He spun away, thrashed into the surf, and there he stood against wind and rushing waves, staring out along the long black promontory, out past Finger Rock, a twenty-foot granite needle pointing heavenward out of the depths.

In a blaze of speed he took off along the waterline, climbed up onto the promontory, and continued running out. Cilla roared his name, bolted after him, then halted. About two-hundred yards out, at the end of the promontory, a lone figure stood out against the dark rocks, a woman, purple swimsuit, poised above the tempest, about to dive in.

Cilla all but caught up to Tony, now slowed by rock-slime and weed.

‘Lenny, it’s Lenny!’ he shouted, picking his way forward. Cilla followed his course until they came together, breathless, with no safe next step. He stepped back, sprang into the air. His feet hit the landing spot but continued sliding, taking him over the edge and down into a crevice. In two feet of swirling tide, he righted himself, took stock: throbbing shoulder, right thigh hurting, pounding head. With bloody brine washing over him he tested his legs. Nothing broken, he was fairly sure; he’d been worse.

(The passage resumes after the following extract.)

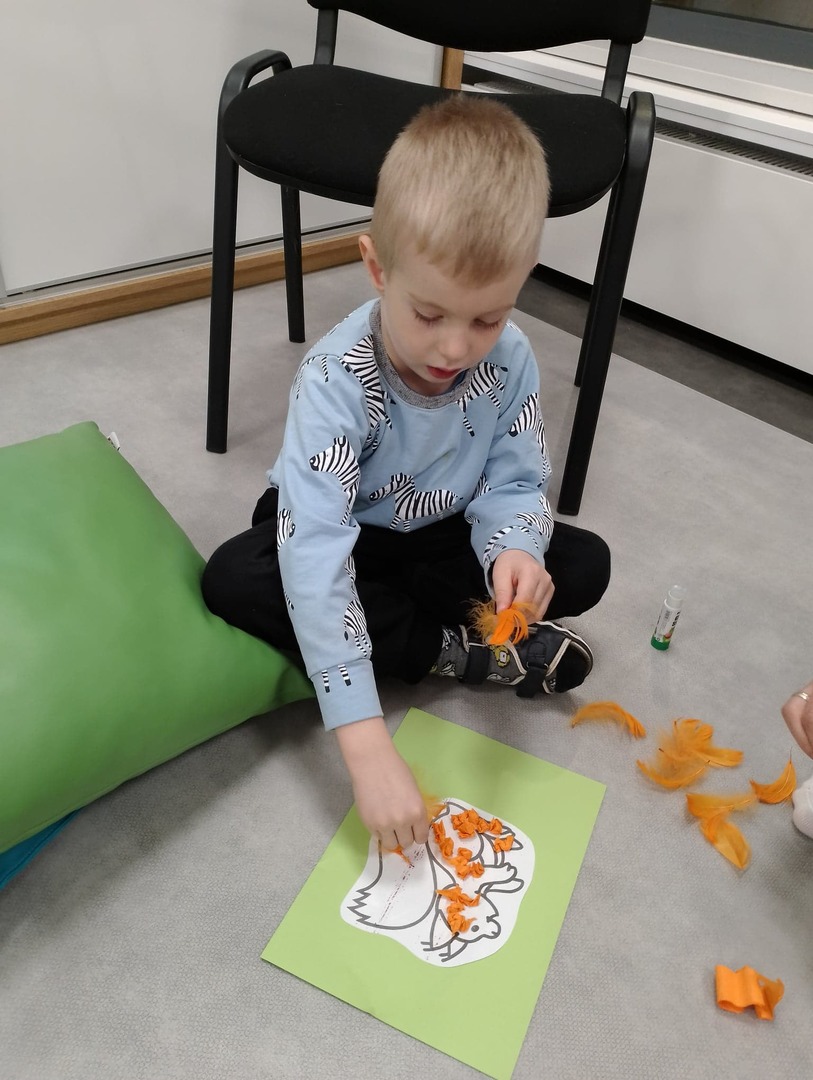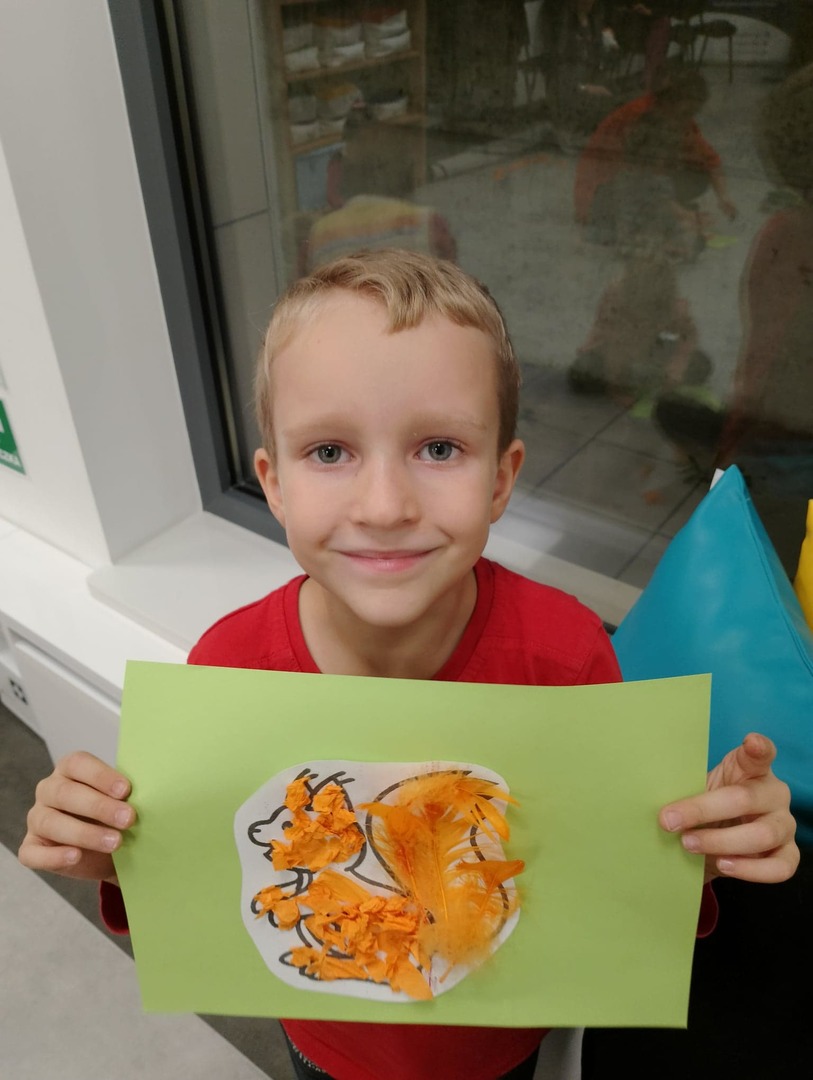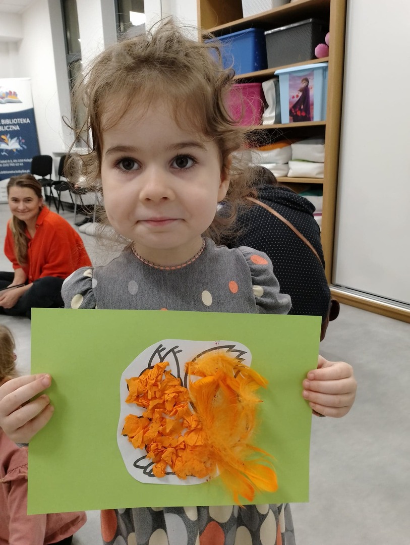 Wczoraj po raz kolejny spotkaliśmy się na zajęciach Niedźwiadek Opowiadek czyta dzieciom . Zaczęliśmy od małej gimnastyki, by następnie przejść do zabaw ruchowych. W przerwach na odpoczynek siedząc na dywanie poznawaliśmy kształty i rozmawialiśmy o odpowiednim stroju na deszczową pogodę. Przeczytaliśmy książkę "Wiewiórki, które nie chciały się dzielić" a na zakończenie wykonaliśmy wiewiórki z bibuły i pomarańczowych piórek. Zapraszamy na kolejne zajęcia 25.11 o godz. 16:00. Zapisy w bibliotece pod nr. 22 763-42-41 lub osobiście. Zapraszamy.

Cilla’s arm appeared, reaching down; he gripped it, climbed up. He continued picking his way to the jagged tip of the promontory, where moments before, Lenny had been standing.

But not now.

Then he saw her, a blond head rising and sinking in the surf. But swimming. She was swimming, strongly. Swimming out.

‘Lenny! Lenny!’ Cilla yelled over and over, waving frantically. Tony did the same, bellowing as loud as his lungs would allow. But the furore carried off their calls. He pressed his palm against the bleeding wound in his thigh, then tore off his boots.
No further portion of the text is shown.